Guest

Cisco ONS 15500 Series

15540-CPU Switchover Problem


Updated April 29, 2003

April 25, 2003


Products Affected

Product

Top Assembly

Comments

Part Number

Rev.

15540-CPU=

800-15708-05

A0

Top Assembly Number (TAN) 800-15708-06 and above are not affected by this issue.

Printed Circuit Assembly (PCA) Version 73-5621-08 and above are not affected by this issue.

Problem Description

In extremely rare situations, the erratas of the system controller use on the CPU card may cause the system to:

  • Crash due to Memory ECC errors

  • Show a bus error exception

  • Corrupt data

In these rare situations the CPU may become non-responsive and will not respond to an NMI request.

Background

This was observed while performing software upgrades to the 15540 ESP.

Problem Symptoms

Following a switchover after a software upgrade, the Active/Standy CPU may become unresponsive and require manual reboot.

Workaround/Solution

If you are currently running the affected Functional Image version of the 15540-CPU in your 15540 System, please follow the upgrade procedure below to upgrade the Functional Image on the 15540-CPU to version 1.25 or later.

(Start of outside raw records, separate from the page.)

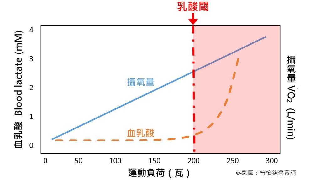 此時身體改以利用“無氧代謝”來提供主要比例的能量來源遠大於“有氧代謝”,當乳酸的生產速率超過移除速率時,組織內的乳酸濃度提高,使得血液中的乳酸值增加並隨著無氧代謝地進行會逐漸接近乳酸閾值。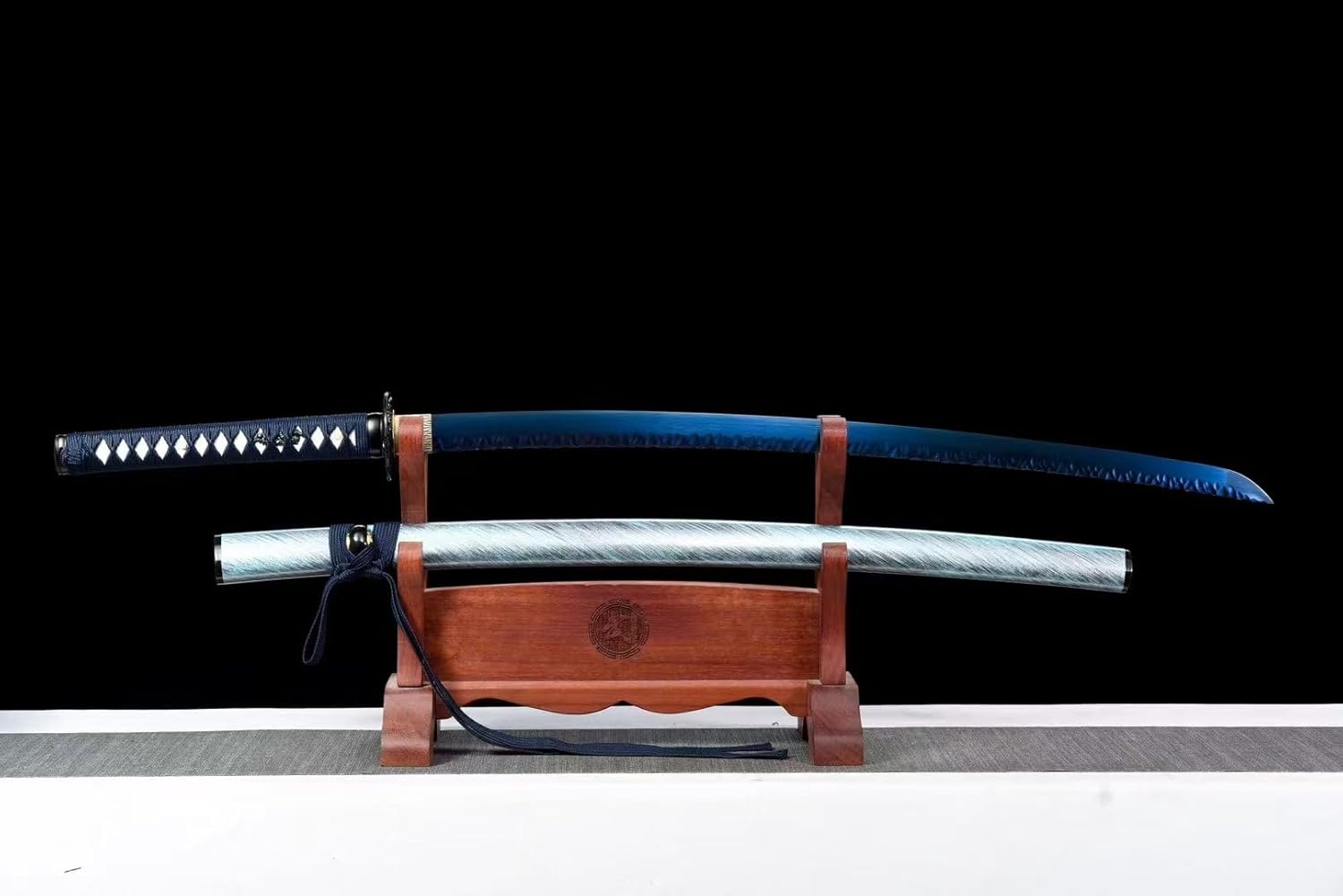 Handmade Forged, Stone, Roasted Blue, Samurai Total Length: 40.6 inches (103 cm) Blade Length: 28 inches (26 cm) Blade Thickness: 0.7 cm Blade Width: 1.25 kg Weight: Approx. High-carbon steel, Retains Original Forged Stone Pattern, Roasting Blue Process Treatment, Hammered , Bent 90 degrees Fast Back Straight High Hardness Up to 6 degrees maximum maximum 6 degree 0 degrees, zinc alloy set, sheath material: solid wood, large varnish sheath, handle: hand wrapped rope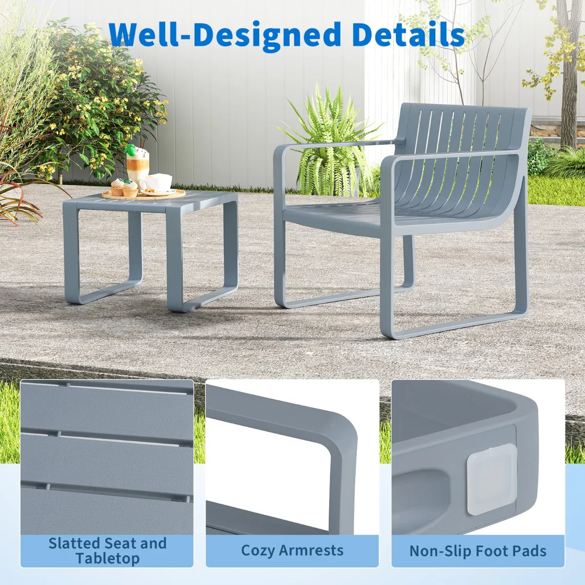 Geef uw buitenruimte een boost met deze 2-delige, weerbestendige tuinmeubelset. Deze set is gemaakt van hoogwaardig PP-materiaal en is zon- en waterbestendig. De set is verstevigd met roestvrijstalen schroeven, zodat de set het hele jaar door meegaat. De stoel is voorzien van comfortabele armleuningen en een ergonomische zitting die zich aanpast aan de rondingen van uw lichaam. Zo kunt u optimaal ontspannen en vermoeidheid tegengaan. De veelzijdige vierkante salontafel is ideaal voor het plaatsen van drankjes of als voetenbankje voor extra comfort. Deze bistroset past naadloos in uw bestaande interieur en belooft eindeloze momenten van rust en genot in uw tuin of op uw terras.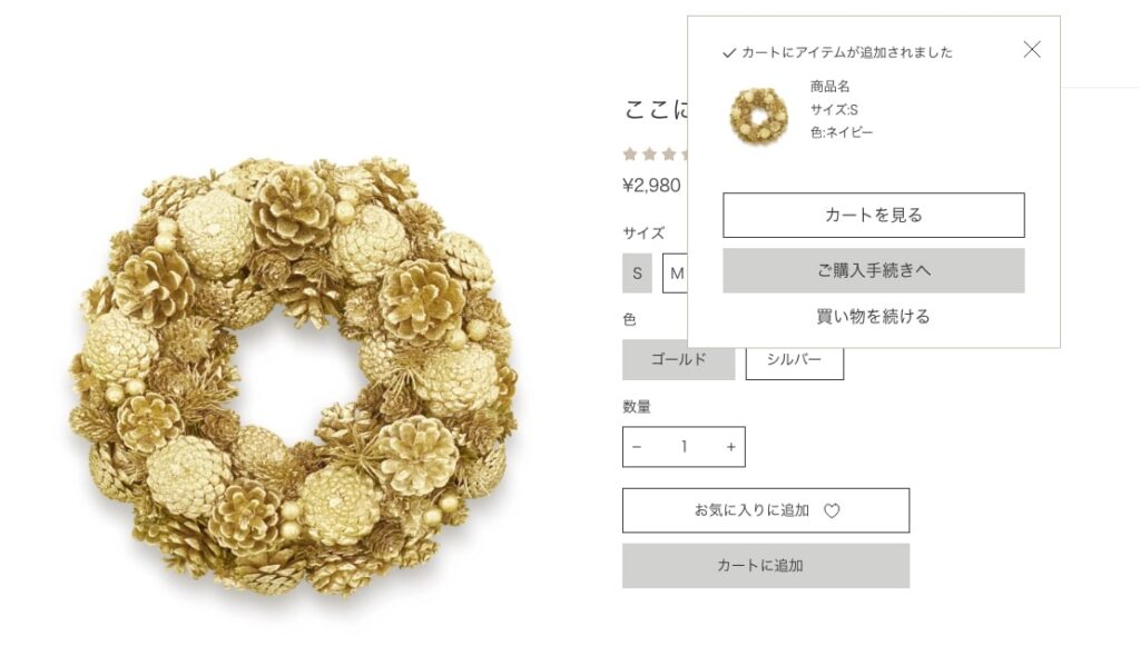 また、カートに入れるボタンをクリックした時の様子についてはテーマ既存の見た目とするケースが大半ですが、以下のようにどのような見た目のポップアップが表示されるかわかるようにデザインカンプに記載しておきます。

ONS15540 Image Upgrade Procedure for the Redundant Processors

  1. Download latest Cisco IOS® Software, ROMMON and CPU FPGA images onto the Active and Standby Bootflash. As of April, 2003, the latest versions are Cisco IOS Software Release 12.1(12c)EV1, ROMMON MANOPT_RM.srec.121-10r.EV1, and CPU FPGA fi-ons15540-ph0cpu.A.1-25.exo. These images are available from the Software Center (registered customers only) on Cisco.com.

  2. Verify that the system is configured with the auto-boot configuration, if not configure it using following command:

    15540# configure terminal 
    man(config)#config-register 0x2102
    
  3. Configure the boot system command to use the new image as the boot image and remove the old boot system command configuration.

    15540# configure terminal
    man(config)# boot system flash bootflash:ons15540-i-mz.121-12c.EV1.bin
    
  4. Save the current configuration by issueing the write memory command in the Active console.

  5. Reload the standby CPU from the Active CPU, which will bring up the standby CPU with the new Cisco IOS software image.

    15540# redundancy reload peer
    
  6. Verify whether the standby CPU came back up properly by issuing show redundancy command in the Active CPU console.

    Note:?You might see the CPU_REDUN-3-DRIVER_MISSING messages on the Active CPU console while standby is reloading. This message should be ignored as it is expected while still running old image in the Active CPU.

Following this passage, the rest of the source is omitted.